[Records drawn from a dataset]
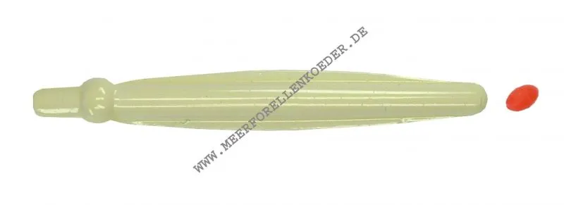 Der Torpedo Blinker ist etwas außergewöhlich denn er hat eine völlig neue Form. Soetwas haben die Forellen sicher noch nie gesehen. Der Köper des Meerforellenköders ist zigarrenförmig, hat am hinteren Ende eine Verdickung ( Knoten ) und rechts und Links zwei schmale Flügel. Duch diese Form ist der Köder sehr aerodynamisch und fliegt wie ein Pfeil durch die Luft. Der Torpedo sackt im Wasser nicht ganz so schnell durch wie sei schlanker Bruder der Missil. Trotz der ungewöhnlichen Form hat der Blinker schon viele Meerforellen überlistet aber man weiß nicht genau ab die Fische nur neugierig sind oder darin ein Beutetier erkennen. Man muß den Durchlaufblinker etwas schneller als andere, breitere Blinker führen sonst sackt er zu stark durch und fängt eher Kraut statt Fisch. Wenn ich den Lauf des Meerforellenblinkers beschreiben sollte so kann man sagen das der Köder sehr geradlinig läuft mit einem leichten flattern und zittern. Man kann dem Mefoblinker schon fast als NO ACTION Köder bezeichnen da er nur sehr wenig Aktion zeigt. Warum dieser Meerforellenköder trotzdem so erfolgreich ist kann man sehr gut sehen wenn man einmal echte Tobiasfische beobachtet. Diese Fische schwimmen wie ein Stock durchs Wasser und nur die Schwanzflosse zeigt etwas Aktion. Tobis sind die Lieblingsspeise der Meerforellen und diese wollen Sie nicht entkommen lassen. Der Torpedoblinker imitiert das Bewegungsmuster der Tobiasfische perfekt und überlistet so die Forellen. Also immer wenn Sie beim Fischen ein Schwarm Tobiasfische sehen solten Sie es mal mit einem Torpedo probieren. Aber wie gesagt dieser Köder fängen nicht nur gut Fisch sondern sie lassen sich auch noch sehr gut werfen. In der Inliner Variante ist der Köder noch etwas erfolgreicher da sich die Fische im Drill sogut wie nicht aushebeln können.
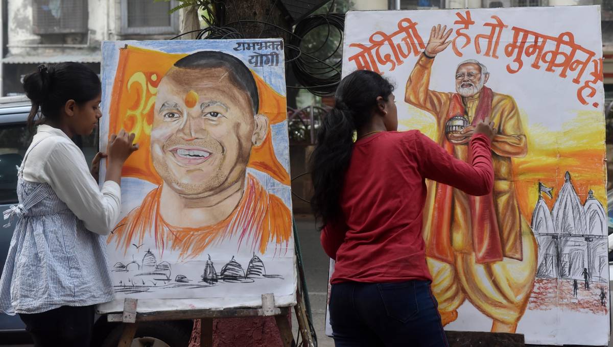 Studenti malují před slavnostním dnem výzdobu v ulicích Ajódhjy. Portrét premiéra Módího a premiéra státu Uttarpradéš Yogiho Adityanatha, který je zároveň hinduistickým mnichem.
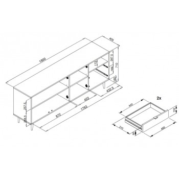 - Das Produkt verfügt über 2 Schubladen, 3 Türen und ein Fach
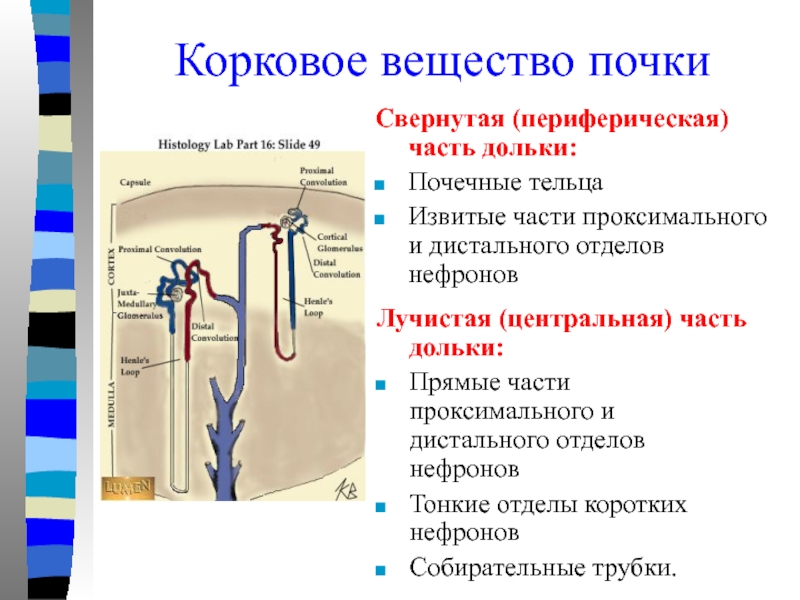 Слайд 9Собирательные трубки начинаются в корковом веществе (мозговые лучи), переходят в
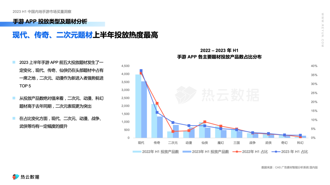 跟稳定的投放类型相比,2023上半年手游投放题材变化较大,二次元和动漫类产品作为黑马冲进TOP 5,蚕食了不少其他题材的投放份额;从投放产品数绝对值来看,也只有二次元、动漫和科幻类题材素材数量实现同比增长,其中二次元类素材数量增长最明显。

_EXERCISE GOAL_
Reproduce, word for word, every line from the one that contains "Слайд 9Собирательные трубки" to the end of the data, including both ends; omit all pictures.

_REPLY TO THE EXERCISE_
 Слайд 9Собирательные трубки начинаются в корковом веществе (мозговые лучи), переходят в
 跟稳定的投放类型相比,2023上半年手游投放题材变化较大,二次元和动漫类产品作为黑马冲进TOP 5,蚕食了不少其他题材的投放份额;从投放产品数绝对值来看,也只有二次元、动漫和科幻类题材素材数量实现同比增长,其中二次元类素材数量增长最明显。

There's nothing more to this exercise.